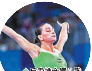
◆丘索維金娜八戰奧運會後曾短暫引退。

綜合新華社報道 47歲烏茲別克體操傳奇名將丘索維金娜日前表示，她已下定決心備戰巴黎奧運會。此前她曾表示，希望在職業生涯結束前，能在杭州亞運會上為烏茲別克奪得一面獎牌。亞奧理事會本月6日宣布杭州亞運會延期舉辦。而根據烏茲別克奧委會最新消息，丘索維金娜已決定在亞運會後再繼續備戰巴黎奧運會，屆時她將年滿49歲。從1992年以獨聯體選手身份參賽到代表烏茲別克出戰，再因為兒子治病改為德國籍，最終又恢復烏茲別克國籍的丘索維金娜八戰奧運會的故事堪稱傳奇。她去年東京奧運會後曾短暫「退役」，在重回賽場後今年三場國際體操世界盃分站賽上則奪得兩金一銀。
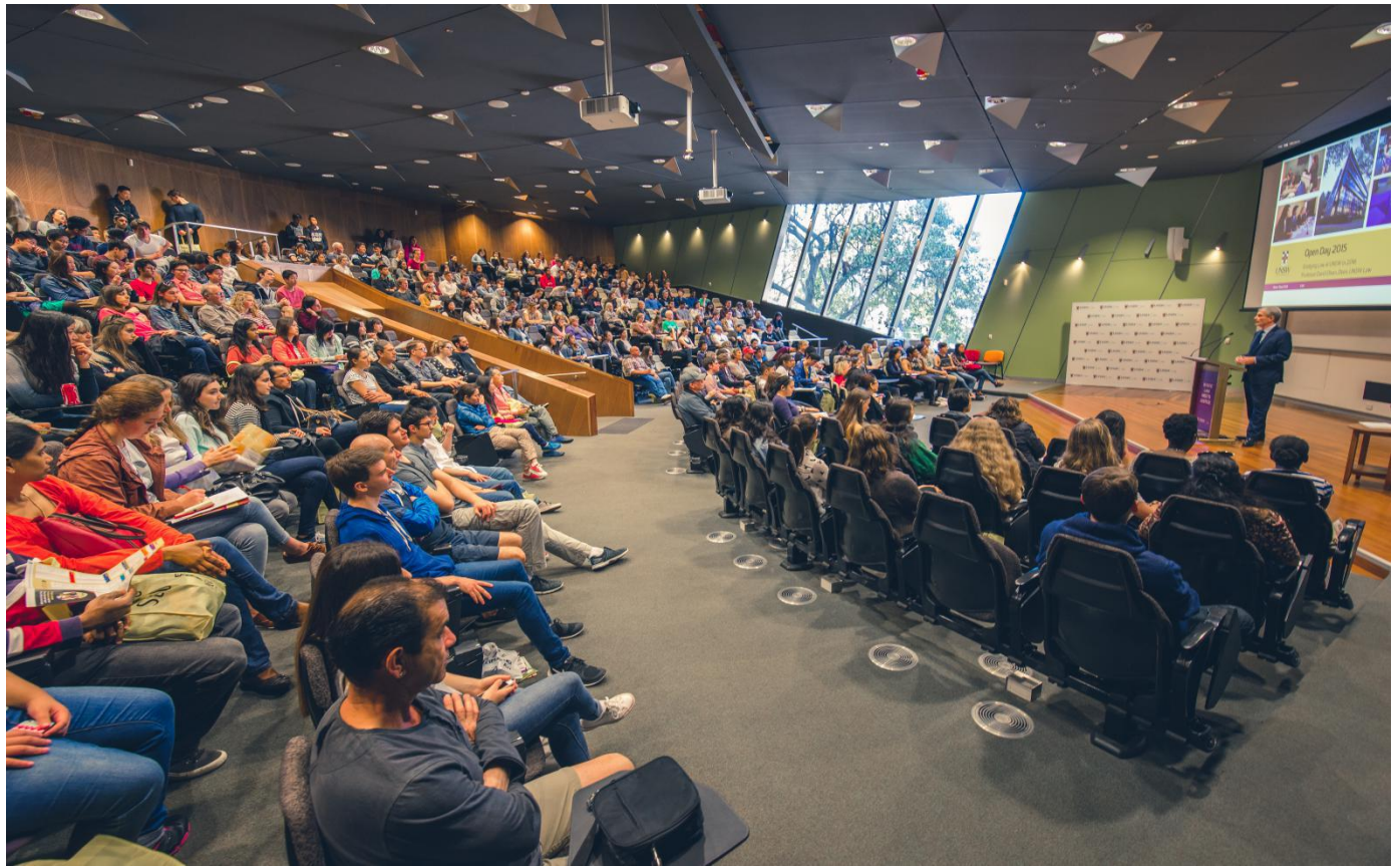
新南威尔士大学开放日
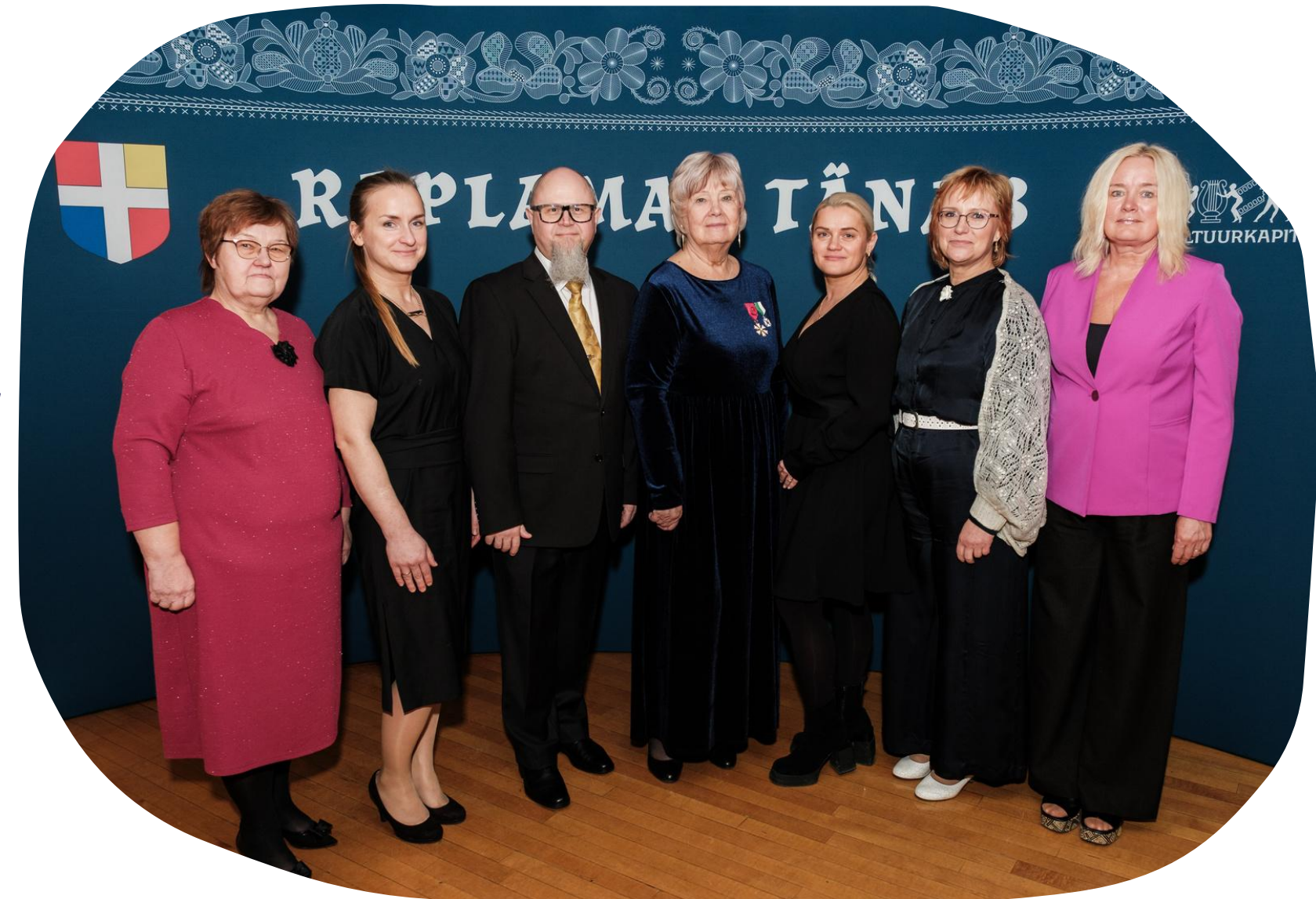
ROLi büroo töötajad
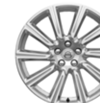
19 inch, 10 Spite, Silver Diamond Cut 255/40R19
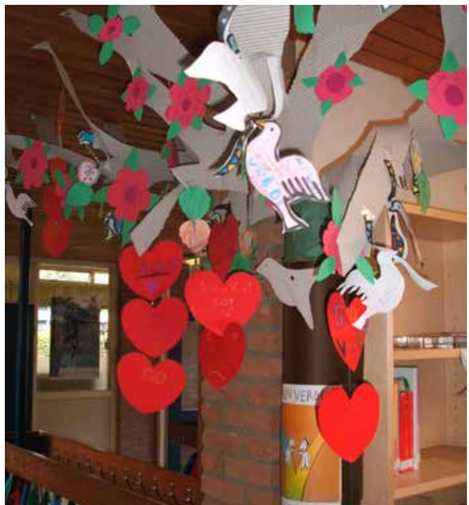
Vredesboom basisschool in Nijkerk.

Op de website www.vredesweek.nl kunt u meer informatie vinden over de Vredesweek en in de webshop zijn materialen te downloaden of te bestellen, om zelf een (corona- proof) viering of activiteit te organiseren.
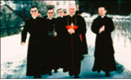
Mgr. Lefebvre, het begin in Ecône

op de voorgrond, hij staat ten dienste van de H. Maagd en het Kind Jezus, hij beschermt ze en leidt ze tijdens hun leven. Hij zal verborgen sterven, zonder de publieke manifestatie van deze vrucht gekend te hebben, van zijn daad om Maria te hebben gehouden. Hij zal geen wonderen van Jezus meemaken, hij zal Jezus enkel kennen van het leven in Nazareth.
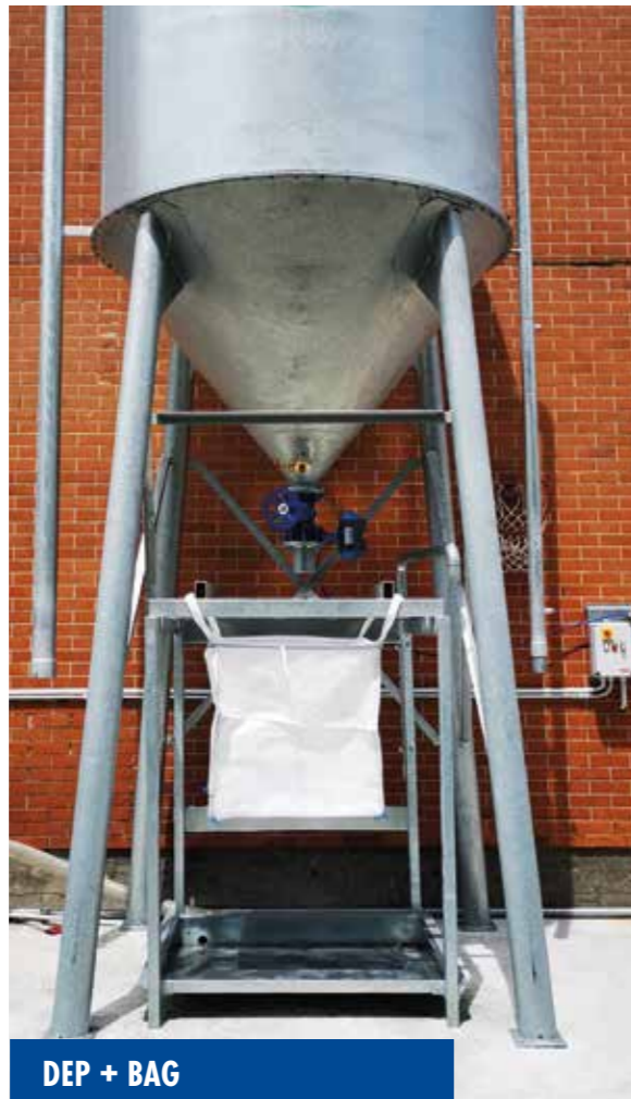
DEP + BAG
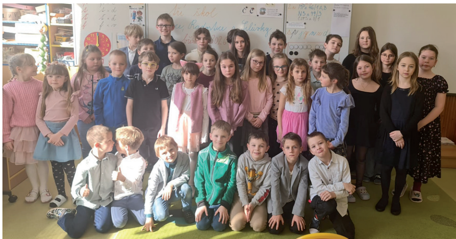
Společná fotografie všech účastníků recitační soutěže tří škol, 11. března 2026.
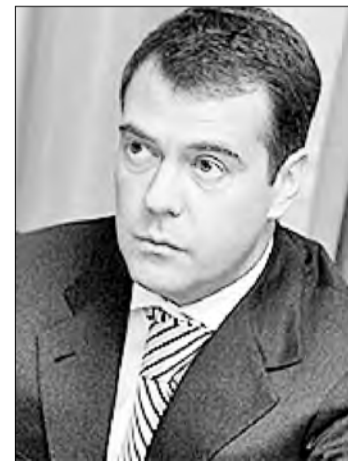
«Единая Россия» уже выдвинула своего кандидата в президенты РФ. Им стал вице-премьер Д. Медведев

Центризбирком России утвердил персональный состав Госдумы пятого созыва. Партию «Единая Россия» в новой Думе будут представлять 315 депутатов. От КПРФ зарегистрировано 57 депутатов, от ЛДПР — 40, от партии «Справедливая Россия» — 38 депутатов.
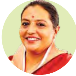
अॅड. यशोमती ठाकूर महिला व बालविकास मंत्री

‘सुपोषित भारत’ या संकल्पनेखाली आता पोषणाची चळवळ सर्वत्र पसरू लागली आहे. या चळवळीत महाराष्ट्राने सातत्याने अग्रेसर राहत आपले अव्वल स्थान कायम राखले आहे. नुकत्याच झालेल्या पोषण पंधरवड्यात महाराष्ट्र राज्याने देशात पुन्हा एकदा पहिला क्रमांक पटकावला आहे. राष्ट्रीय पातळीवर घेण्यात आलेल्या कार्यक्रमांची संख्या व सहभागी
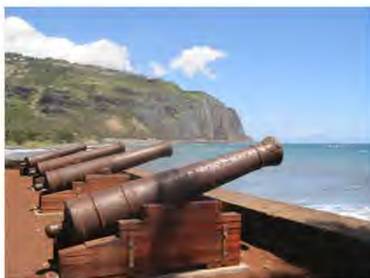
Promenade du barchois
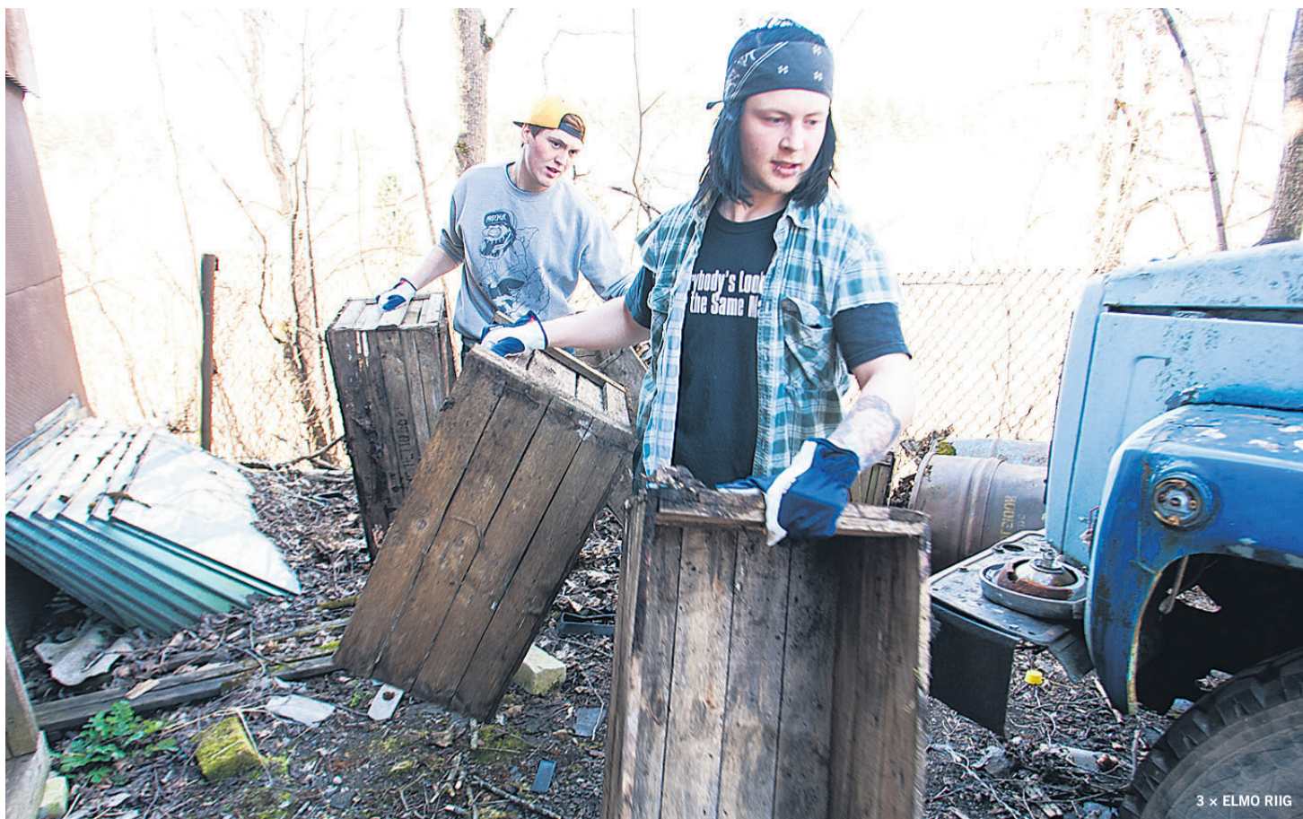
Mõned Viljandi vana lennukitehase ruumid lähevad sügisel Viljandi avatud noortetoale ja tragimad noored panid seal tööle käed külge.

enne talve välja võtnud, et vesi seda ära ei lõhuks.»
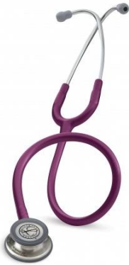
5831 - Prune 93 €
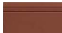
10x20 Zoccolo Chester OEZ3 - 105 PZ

════════════════════

> What is expected
Print the records above word for word, omitting any picture they contain.

> Result
◆丘索維金娜八戰奧運會後曾短暫引退。

綜合新華社報道 47歲烏茲別克體操傳奇名將丘索維金娜日前表示，她已下定決心備戰巴黎奧運會。此前她曾表示，希望在職業生涯結束前，能在杭州亞運會上為烏茲別克奪得一面獎牌。亞奧理事會本月6日宣布杭州亞運會延期舉辦。而根據烏茲別克奧委會最新消息，丘索維金娜已決定在亞運會後再繼續備戰巴黎奧運會，屆時她將年滿49歲。從1992年以獨聯體選手身份參賽到代表烏茲別克出戰，再因為兒子治病改為德國籍，最終又恢復烏茲別克國籍的丘索維金娜八戰奧運會的故事堪稱傳奇。她去年東京奧運會後曾短暫「退役」，在重回賽場後今年三場國際體操世界盃分站賽上則奪得兩金一銀。
新南威尔士大学开放日
ROLi büroo töötajad
19 inch, 10 Spite, Silver Diamond Cut 255/40R19
Vredesboom basisschool in Nijkerk.

Op de website www.vredesweek.nl kunt u meer informatie vinden over de Vredesweek en in de webshop zijn materialen te downloaden of te bestellen, om zelf een (corona- proof) viering of activiteit te organiseren.
Mgr. Lefebvre, het begin in Ecône

op de voorgrond, hij staat ten dienste van de H. Maagd en het Kind Jezus, hij beschermt ze en leidt ze tijdens hun leven. Hij zal verborgen sterven, zonder de publieke manifestatie van deze vrucht gekend te hebben, van zijn daad om Maria te hebben gehouden. Hij zal geen wonderen van Jezus meemaken, hij zal Jezus enkel kennen van het leven in Nazareth.
DEP + BAG
Společná fotografie všech účastníků recitační soutěže tří škol, 11. března 2026.
«Единая Россия» уже выдвинула своего кандидата в президенты РФ. Им стал вице-премьер Д. Медведев

Центризбирком России утвердил персональный состав Госдумы пятого созыва. Партию «Единая Россия» в новой Думе будут представлять 315 депутатов. От КПРФ зарегистрировано 57 депутатов, от ЛДПР — 40, от партии «Справедливая Россия» — 38 депутатов.
अॅड. यशोमती ठाकूर महिला व बालविकास मंत्री

‘सुपोषित भारत’ या संकल्पनेखाली आता पोषणाची चळवळ सर्वत्र पसरू लागली आहे. या चळवळीत महाराष्ट्राने सातत्याने अग्रेसर राहत आपले अव्वल स्थान कायम राखले आहे. नुकत्याच झालेल्या पोषण पंधरवड्यात महाराष्ट्र राज्याने देशात पुन्हा एकदा पहिला क्रमांक पटकावला आहे. राष्ट्रीय पातळीवर घेण्यात आलेल्या कार्यक्रमांची संख्या व सहभागी
Promenade du barchois
Mõned Viljandi vana lennukitehase ruumid lähevad sügisel Viljandi avatud noortetoale ja tragimad noored panid seal tööle käed külge.

enne talve välja võtnud, et vesi seda ära ei lõhuks.»
5831 - Prune 93 €
10x20 Zoccolo Chester OEZ3 - 105 PZ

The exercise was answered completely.